Turkey’s Pavilion at The Venice Biennial Asks: How Will We Live Together?

Turkey is taking part in La Biennale di Venezia’s architecture exhibition with a project titled ‘Architecture as Measure’.

Taking curator Neylan Turan’s book as a starting point, the Pavilion of Turkey will try to answer ‘How will we live together?’

The 17th International Architecture Exhibition of La Biennale di Venezia (the Venice Biennial) finally opened its doors to the public on Saturday, May 22, 2021, having been twice postponed because of the coronavirus pandemic. Turkey is taking part, with a project titled Architecture as Measure, at the Arsenale venue.

Curator of Venice’s 17th International Architecture Exhibition Hashim Sarkis poses the question “How will we live together?” as the overarching theme of the Biennale Architettura 2021. In his statement, Sarkis refers to the coronavirus that has wreaked havoc on the world, and says: “The current global pandemic has no doubt made the question that this Biennale Architettura is asking all the more relevant and timely, even if somehow ironic, given the imposed isolation.

“It may indeed be a coincidence that the theme was proposed a few months before the pandemic. However, many of the reasons that initially led us to ask this question – the intensifying climate crisis, massive population displacements, political instabilities around the world, and growing racial, social, and economic inequalities, among others – have led us to this pandemic and have become all the more relevant.”

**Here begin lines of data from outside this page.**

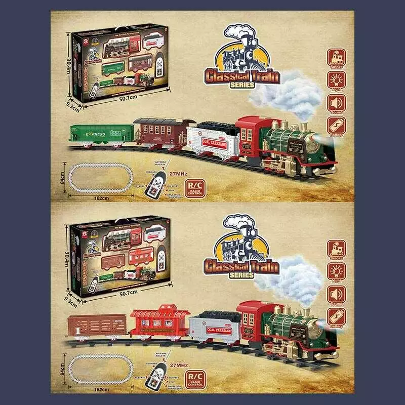 Залізниця на радіокеруванні 3095 A/B (12) 2 види, радіокерування, пульт 27 MHz, звук, підсвічування, парогенератор, локомотив+3 вагони, декорації, в к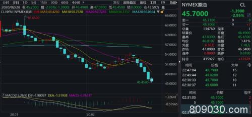 纽约交易所NYMEX原油期货在北京时间2月28日(即美东时间2月27日夜盘时间)再度下挫,截止到发稿时间报价45.70美元/桶,跌幅达到2.95%。
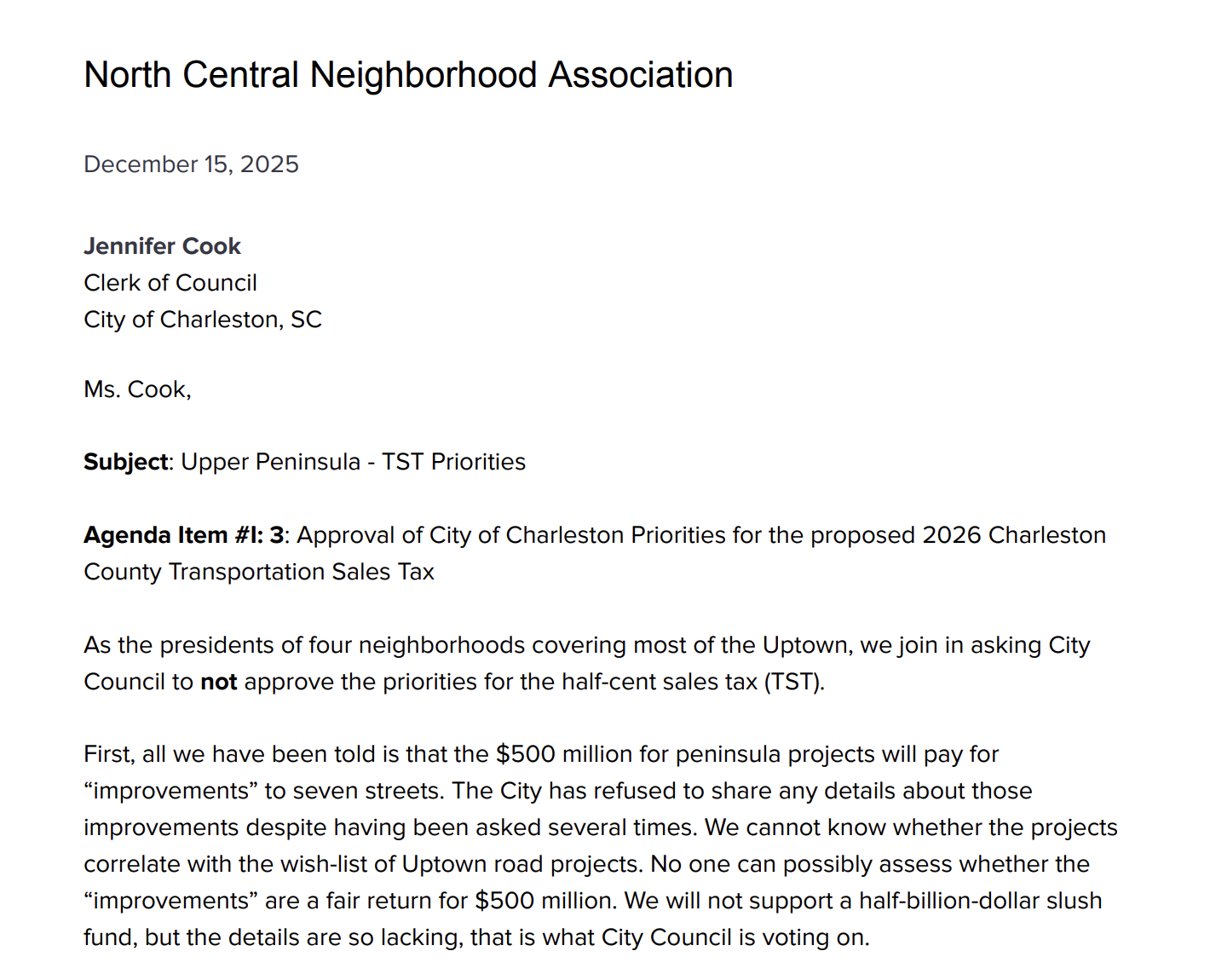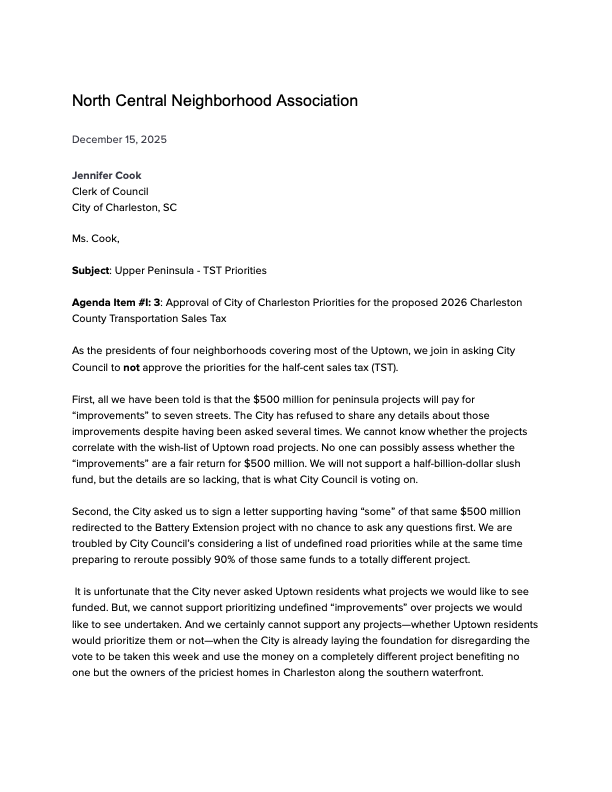 Though my fellow Upper Peninsula presidents and I, in principle, support an extended seawall to help protect Charleston for future generations, we were concerned that a lack of detail meant most or even all of any TST funds allocated to the peninsula would go towards the seawall, leaving other important and longstanding priorities elsewhere on the peninsula neglected.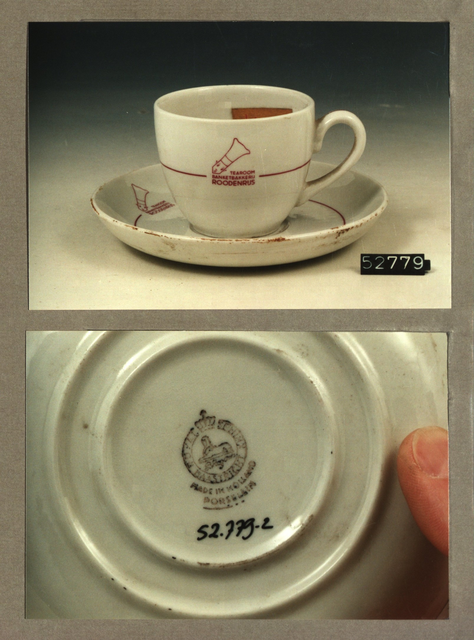 Kop en schotel, model N met decor Tearoom banketbakk...
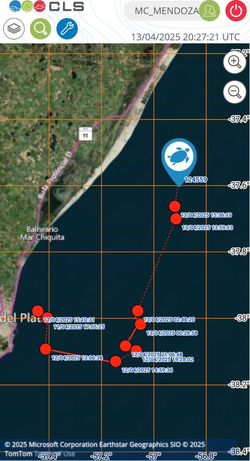 Y agregó: "Recibimos un reporte diario con la última ubicación y se van agregando también otros datos de los kilómetros que lleva desplazado. Esa información que nos cruzamos con los especialistas, incluye los riesgos que enfrenta Jorge en el día a día. Hablaban de la presencia de embarcaciones de barcos pesqueros en la zona".

Coordinated by the Istanbul Foundation for Culture and Arts (IKSV) and curated by Neylan Turan, the Pavilion of Turkey will be on view at the 17th International Architecture Exhibition until November 21, 2021. The pavilion is inspired by curator Turan’s recently published book, Architecture as Measure, and the exhibition “positions architecture as a measure that can help assess our place on Earth and our role in relation to those with whom we live together: as architects with the actors of other disciplines and domains of work, and as a species alongside more-than-human others.”

According to the news release, the exhibition Architecture as Measure “focuses on the politics and nuances of the seemingly mundane aspects and sites of architectural construction, juxtaposing them with their planetary counterparts through geographies of resource extraction, material supply chains, maintenance and care in Turkey and beyond.” The Turkish pavilion will be presented through an installation, an online publication, and storytelling.

Noting that the curatorial team was not aware of the long process ahead of it because of the pandemic, curator Neyran Turan says the extension of the project over “such a long period of time” allowed them to consider what would go into the pavilion deeply and thoroughly.

“Our project aims to rethink architecture’s relation to the world, in which it is more of an agent than a mere respondent,” Turan explains. “ In that sense, we hope that our project, which we see as a series of platforms that can provide different encounters, will lead to the kind of dialogues we aspire to and enable other discussions in the future.”

Pointing out the hard work that IKSV has been carrying out since March 2020 –– the time the coronavirus was detected in Turkey –– “to ensure the continuation of artistic production … and the sustainability of our contributions to culture and the arts,” IKSV Chairman Bulent Eczacibasi emphasises that culture and art “make us stronger in times of adversity” by nourishing our intellect and reminding us that “we are part of a universal whole.”

The installation at Venice is designed by NEMESTUDIO and is called Four Dioramas: there is the Diorama of a Quarry, showing a marble quarry “abandoned after centuries of resource extraction in the old land”. There is the Diorama of Logistics, displaying a large warehouse “enabling a massive transit during a multi-species migration to a new land.” The Diorama of Maintenance and Care is a location where “both the built structures and the endangered more-than-human beings are continually given maintenance and care.” Finally there is the Diorama of Formwork that is a “site of reconstruction” for future inhabitants of the Earth.

The exhibition also uses the IKSV website as a main publication platform beyond the installation at Venice. The website presents four different formats (Paperwork, Episodes, Conversations, and Essays) that are produced by the curatorial team and hand picked contributors that will present written content periodically over the course of the biennial. This material will also be available at Venice at the Pavilion of Turkey, showcased along with the dioramas.

“Our ministry has been supporting our county’s exhibitions at La Biennale di Venezia since 1991. Our exhibition at the International Architecture Exhibition – La Biennale di Venezia is a very good example of an achievement that has been realised by cooperation and collaboration among the public and private sectors and civil society,” Ozgul Ozkan Yavuz, Deputy Minister of Culture and Tourism of Turkey, says. “We make an impression on one of the astonishing international platforms and we share our country’s past and contemporary experience on arts and architecture.”